# ACTIVITY
Look below for the line that has "生長抑素和胰島素或胰高血糖素". Set down the lines from there through the line that has "6月6日,患者家属得知湘雅三", exactly as written.

# DATA EXTRACT

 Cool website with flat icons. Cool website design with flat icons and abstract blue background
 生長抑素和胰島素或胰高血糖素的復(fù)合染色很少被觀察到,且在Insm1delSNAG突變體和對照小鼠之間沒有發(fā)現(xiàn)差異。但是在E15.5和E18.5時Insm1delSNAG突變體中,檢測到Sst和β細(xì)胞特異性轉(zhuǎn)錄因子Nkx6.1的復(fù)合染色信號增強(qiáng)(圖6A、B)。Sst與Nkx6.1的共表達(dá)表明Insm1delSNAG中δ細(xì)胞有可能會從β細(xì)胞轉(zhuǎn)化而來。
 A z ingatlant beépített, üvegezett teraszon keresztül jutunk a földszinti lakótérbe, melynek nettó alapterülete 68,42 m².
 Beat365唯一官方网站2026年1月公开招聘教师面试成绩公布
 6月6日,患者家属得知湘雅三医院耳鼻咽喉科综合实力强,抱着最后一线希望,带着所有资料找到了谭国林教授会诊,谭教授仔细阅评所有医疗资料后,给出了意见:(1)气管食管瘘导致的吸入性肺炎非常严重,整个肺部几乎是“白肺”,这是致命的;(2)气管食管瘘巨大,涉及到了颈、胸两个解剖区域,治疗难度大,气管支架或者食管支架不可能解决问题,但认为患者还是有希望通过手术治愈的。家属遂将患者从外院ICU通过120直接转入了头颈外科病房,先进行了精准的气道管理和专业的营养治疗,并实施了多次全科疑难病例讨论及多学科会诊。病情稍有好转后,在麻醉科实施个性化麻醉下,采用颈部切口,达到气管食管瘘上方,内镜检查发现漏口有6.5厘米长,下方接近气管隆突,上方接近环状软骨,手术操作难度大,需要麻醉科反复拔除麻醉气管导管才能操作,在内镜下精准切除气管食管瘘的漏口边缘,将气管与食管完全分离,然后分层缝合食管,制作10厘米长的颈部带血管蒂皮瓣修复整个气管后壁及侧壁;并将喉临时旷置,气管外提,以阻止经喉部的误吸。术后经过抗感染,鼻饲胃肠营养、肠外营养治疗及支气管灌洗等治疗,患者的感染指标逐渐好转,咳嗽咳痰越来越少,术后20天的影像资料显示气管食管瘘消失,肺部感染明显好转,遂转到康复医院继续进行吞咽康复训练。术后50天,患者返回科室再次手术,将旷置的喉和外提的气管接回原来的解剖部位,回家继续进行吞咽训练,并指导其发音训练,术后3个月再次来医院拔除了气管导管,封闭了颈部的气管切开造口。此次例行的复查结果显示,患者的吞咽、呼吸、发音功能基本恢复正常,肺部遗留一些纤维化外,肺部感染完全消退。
==
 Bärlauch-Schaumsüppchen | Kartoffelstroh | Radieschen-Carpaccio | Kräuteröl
--
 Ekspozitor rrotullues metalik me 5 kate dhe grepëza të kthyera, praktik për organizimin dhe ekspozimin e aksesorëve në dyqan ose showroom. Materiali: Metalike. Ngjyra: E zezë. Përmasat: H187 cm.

# TASK RESPONSE
 生長抑素和胰島素或胰高血糖素的復(fù)合染色很少被觀察到,且在Insm1delSNAG突變體和對照小鼠之間沒有發(fā)現(xiàn)差異。但是在E15.5和E18.5時Insm1delSNAG突變體中,檢測到Sst和β細(xì)胞特異性轉(zhuǎn)錄因子Nkx6.1的復(fù)合染色信號增強(qiáng)(圖6A、B)。Sst與Nkx6.1的共表達(dá)表明Insm1delSNAG中δ細(xì)胞有可能會從β細(xì)胞轉(zhuǎn)化而來。
 A z ingatlant beépített, üvegezett teraszon keresztül jutunk a földszinti lakótérbe, melynek nettó alapterülete 68,42 m².
 Beat365唯一官方网站2026年1月公开招聘教师面试成绩公布
 6月6日,患者家属得知湘雅三医院耳鼻咽喉科综合实力强,抱着最后一线希望,带着所有资料找到了谭国林教授会诊,谭教授仔细阅评所有医疗资料后,给出了意见:(1)气管食管瘘导致的吸入性肺炎非常严重,整个肺部几乎是“白肺”,这是致命的;(2)气管食管瘘巨大,涉及到了颈、胸两个解剖区域,治疗难度大,气管支架或者食管支架不可能解决问题,但认为患者还是有希望通过手术治愈的。家属遂将患者从外院ICU通过120直接转入了头颈外科病房,先进行了精准的气道管理和专业的营养治疗,并实施了多次全科疑难病例讨论及多学科会诊。病情稍有好转后,在麻醉科实施个性化麻醉下,采用颈部切口,达到气管食管瘘上方,内镜检查发现漏口有6.5厘米长,下方接近气管隆突,上方接近环状软骨,手术操作难度大,需要麻醉科反复拔除麻醉气管导管才能操作,在内镜下精准切除气管食管瘘的漏口边缘,将气管与食管完全分离,然后分层缝合食管,制作10厘米长的颈部带血管蒂皮瓣修复整个气管后壁及侧壁;并将喉临时旷置,气管外提,以阻止经喉部的误吸。术后经过抗感染,鼻饲胃肠营养、肠外营养治疗及支气管灌洗等治疗,患者的感染指标逐渐好转,咳嗽咳痰越来越少,术后20天的影像资料显示气管食管瘘消失,肺部感染明显好转,遂转到康复医院继续进行吞咽康复训练。术后50天,患者返回科室再次手术,将旷置的喉和外提的气管接回原来的解剖部位,回家继续进行吞咽训练,并指导其发音训练,术后3个月再次来医院拔除了气管导管,封闭了颈部的气管切开造口。此次例行的复查结果显示,患者的吞咽、呼吸、发音功能基本恢复正常,肺部遗留一些纤维化外,肺部感染完全消退。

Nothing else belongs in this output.